Sugar factory in Uganda

Bugiri Sugar Company Limited, is a sugar manufacturing company in Uganda.

==Location==
The main factories of the company are under construction in Bugubo Village, Kapyanga Sub-county, Bugiri District, approximately 6 km by road, southeast of the town of Bugiri.

This location is approximately 77 km, by road, north-east of Jinja, the largest city in the Busoga sub-region. Bugubo Village is located approximately 157 km, by road, northeast of Kampala, the capital and largest city of Uganda.

==Overview==
Bugiri Sugar Factory is a new manufacturer of sugar in Uganda. As of May 2021, the factory is under construction, on a 60 acre piece of real estate in Bugubo Village. With no sizable nucleus plantation of its own, the factory expects to source sugarcane primarily from out growers in the district and sub-region.
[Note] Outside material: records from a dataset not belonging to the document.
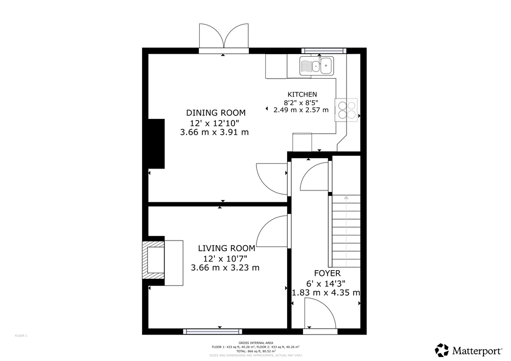 Internally, the accommodation extends to approximately 83.44 sq.m and is thoughtfully laid out. The ground floor comprises a bright and airy living room, a modern fitted kitchen/dining area with access to the rear garden, and a well-appointed family bathroom. Upstairs, there are three bedrooms consisting of two generous double rooms and one single bedroom, perfect for a home office or nursery.
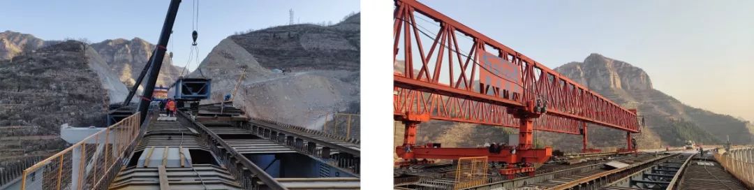 2017年7月,我司承接太行山高速公路邯鄲段全線11座鋼混組合梁共計約10公里的制造及安裝任務,鋼結構工程量約31140噸。本項目地處太行山境內,地形、道路條件極其復雜,施工難度極大。工字鋼梁現場安裝總體采用梁場拼裝、架橋機架設施工。為保證項目整體工期,公司選派優秀的生產管理人員組建了項目經理部,建設鋼梁拼裝場4個,先后投入龍門吊機17臺,高峰時期投入專業架橋機13臺,歷時8個月完成了全線540榀工字鋼梁的架設任務。
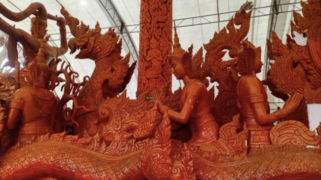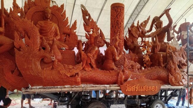 วันที่ 1 ตุลาคม 2568 นายกานต์ กัลป์ตินันท์ นายก อบจ.อุบลราชธานี เปิดเผยว่า ขอบคุณพี่น้องชาวสุราษฎร์ธานี ทุกท่านที่ให้การต้อนรับรถต้นเทียนพรรษาเป็นอย่างดี และรู้สึกดีใจที่ได้นำวัฒนธรรมแห่เทียนของชาวอีสาน คือ ประเพณีแห่เทียนพรรษา ซึ่งเป็นประเพณีของพุทธศาสนิกชน ที่จัดขึ้นในช่วงวันเข้าพรรษา เพื่อถวายต้นเทียนให้วัดเป็นแสงสว่างในการปฏิบัติธรรมของพระภิกษุสงฆ์ เป็นประเพณีที่ได้สืบต่อกันมาจนถึงปัจจุบัน เป็นเวลายาวนานกว่า 124 ปี จ.อุบลราชธานี ได้ทำต้นเทียนแกะสลัก และต้นเทียนแบบติดพิมพ์ ซึ่งมีความงดงาม จากช่างเทียน (ครูเทียน) ที่เป็นลูกหลานเมืองอุบลราชธานี สืบทอดกันมา นอกจากนี้มีการแสดงศิลปะวัฒนธรรมพื้นบ้าน และการแห่ขบวนเทียนอย่างยิ่งใหญ่ในงานบุญประจำปี ทั้งนี้ต้นเทียนพรรษา จากวัดศรีแสงทอง ถึงวัดพัฒนาราม (หลวงพ่อพัฒน์) ต.ตลาด อ.เมือง จ.สุราษฎร์ธานี

The new factory expects to begin commercial production in December 2021. When fully operational, the factory expects to produce 4,800 bags of 50 kg each, of crystalline sugar, at maximum capacity. In May 2021, the Daily Monitor reported that Bugiri Sugar Factory plans to focus on production of industrial sugar and industrial ethanol.

==History==
As of May 2021, Uganda had five major sugar manufacturers, namely (a) GM Sugar Uganda Limited (b) Kakira Sugar Works (c) Kinyara Sugar Works Limited (d) Sango Bay Estates Limited and Sugar Corporation of Uganda Limited. Starting in 2011, a plethora of smaller sugar manufacturers began to acquire manufacturing licenses, so that by 2021, these smaller manufacturers number about 20. The majority of them are located in Busoga.

As it turns out, many of the smaller outfits are owned by one or another of the big five manufacturers. Out grower farmers find it difficult to sell their cane profitably because of collusion between the large manufacturers and their subsidiary smaller outfits.

Bugiri Sugar Factory is expected to offer some relief to out grower farmers because (a) it has no nucleus farm of its own (b)
it has no subsidiary factory to collude with and (c) out grower farmers are the main source of raw sugarcane.

==Ownership==
As of May 2021, the shareholding in Bugiri Sugar Factory is private and not widely publicly known.